(Dataset records)
= Beginning of Section =

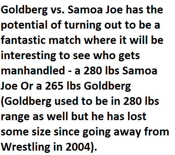 News & StoriesPossible Opponents For Goldberg If He Returns For More Than One Match By AG Posted on October 17, 2016 Share Tweet Share Share Email Comments4. Samoa Joe 1 2 3 4 5 6 7 8 Continue reading.. Next Story >
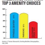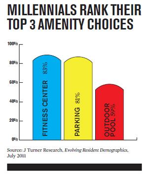 Gen Y residents make working out a priority, with 83 percent marking fitness centers as their No. 1 common-area amenity preference, according to J Turner Research’s 2011 Evolving Resident Demographics report.
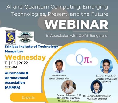 Automobile & Aeronautical Association, AMARA organized a webinar titled “AI & Quantum Computing: Emerging Technologies, Present and the Future” on 11/5/2022 in association with QpiAI, Bengaluru.
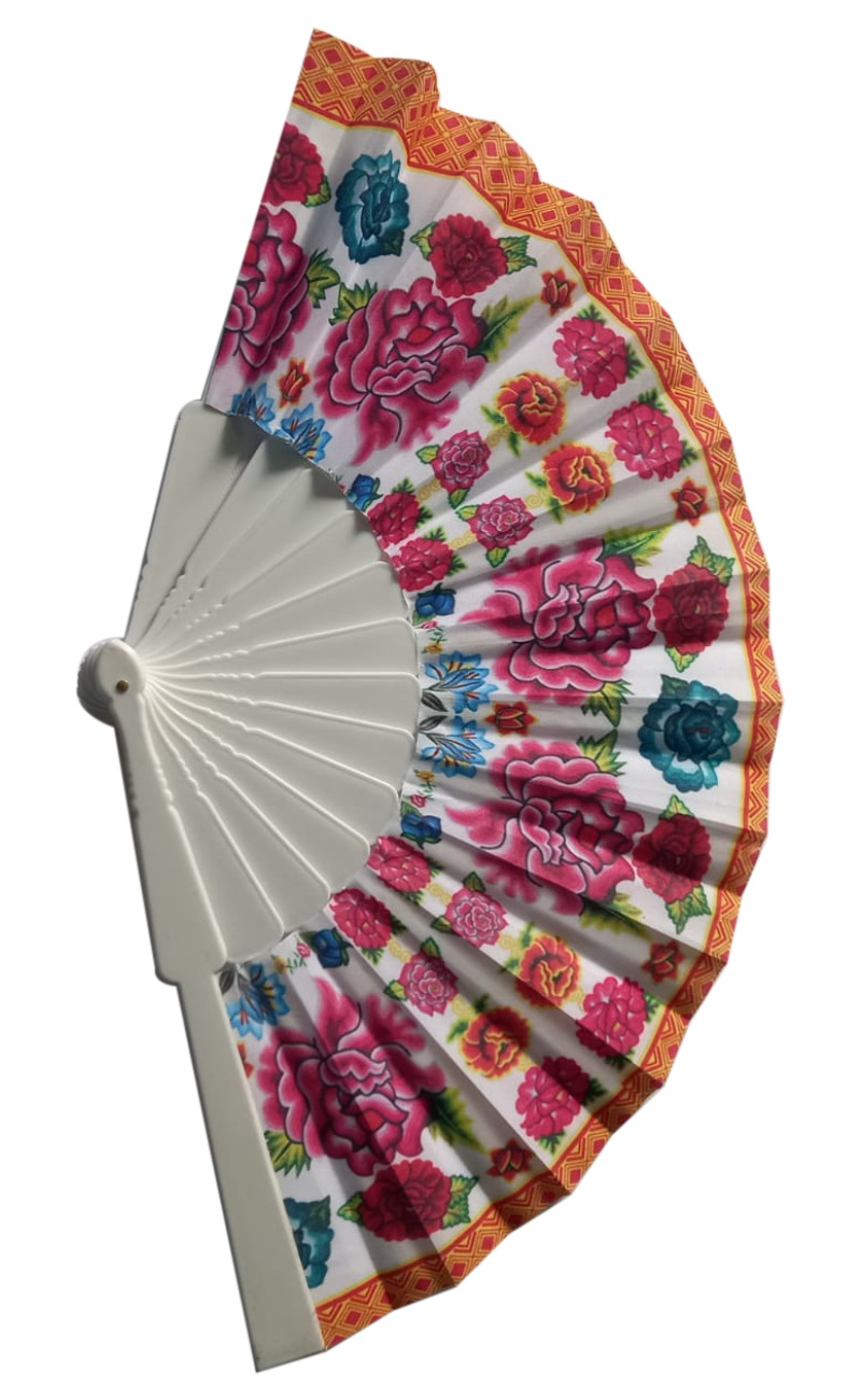 Abanico de tela impresa y varilla de plástico de excelente calidad.
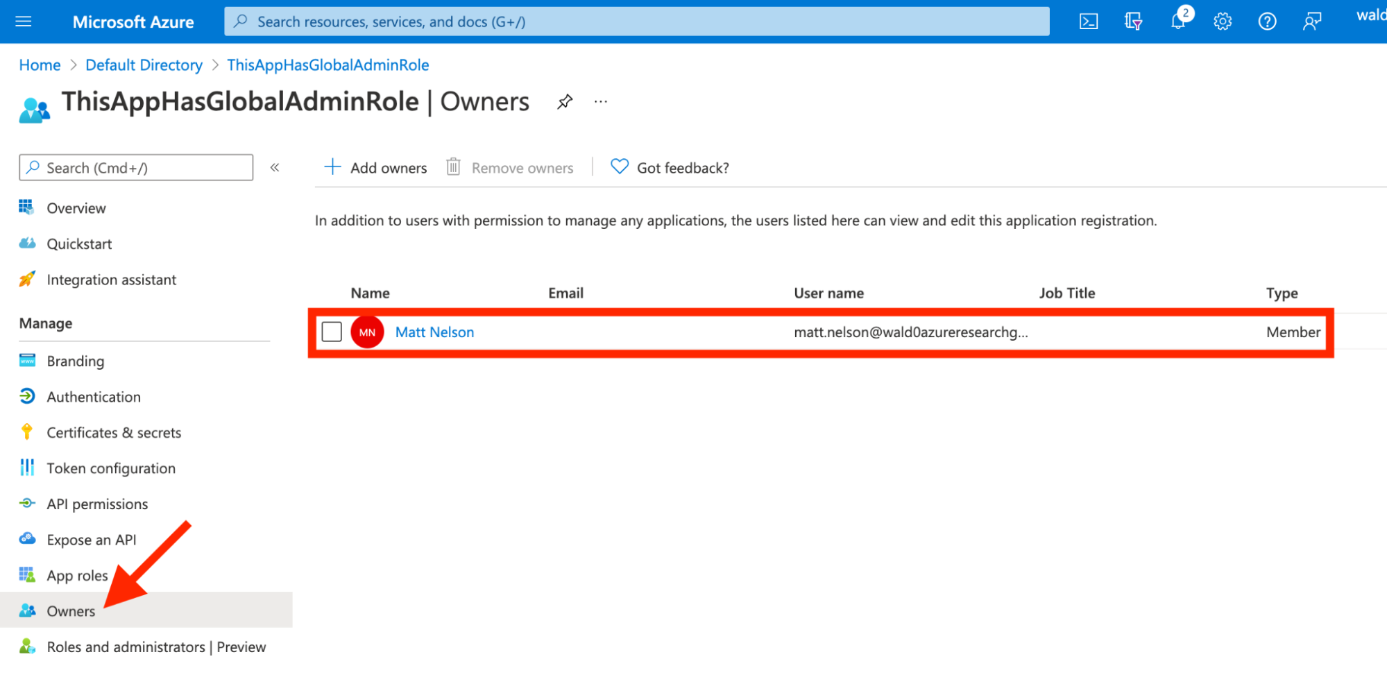 First, click on “Owners”, which will show you all principals that own the app (there can be more than one):

= End of Section =

(AIM OF THE TASK)
Set the pictures aside and reproduce exactly the lines above, from the line holding "Gen Y residents" through the line holding "Abanico de tela", both included, with nothing else.

(WRITTEN SOLUTION)
 Gen Y residents make working out a priority, with 83 percent marking fitness centers as their No. 1 common-area amenity preference, according to J Turner Research’s 2011 Evolving Resident Demographics report.
 Automobile & Aeronautical Association, AMARA organized a webinar titled “AI & Quantum Computing: Emerging Technologies, Present and the Future” on 11/5/2022 in association with QpiAI, Bengaluru.
 Abanico de tela impresa y varilla de plástico de excelente calidad.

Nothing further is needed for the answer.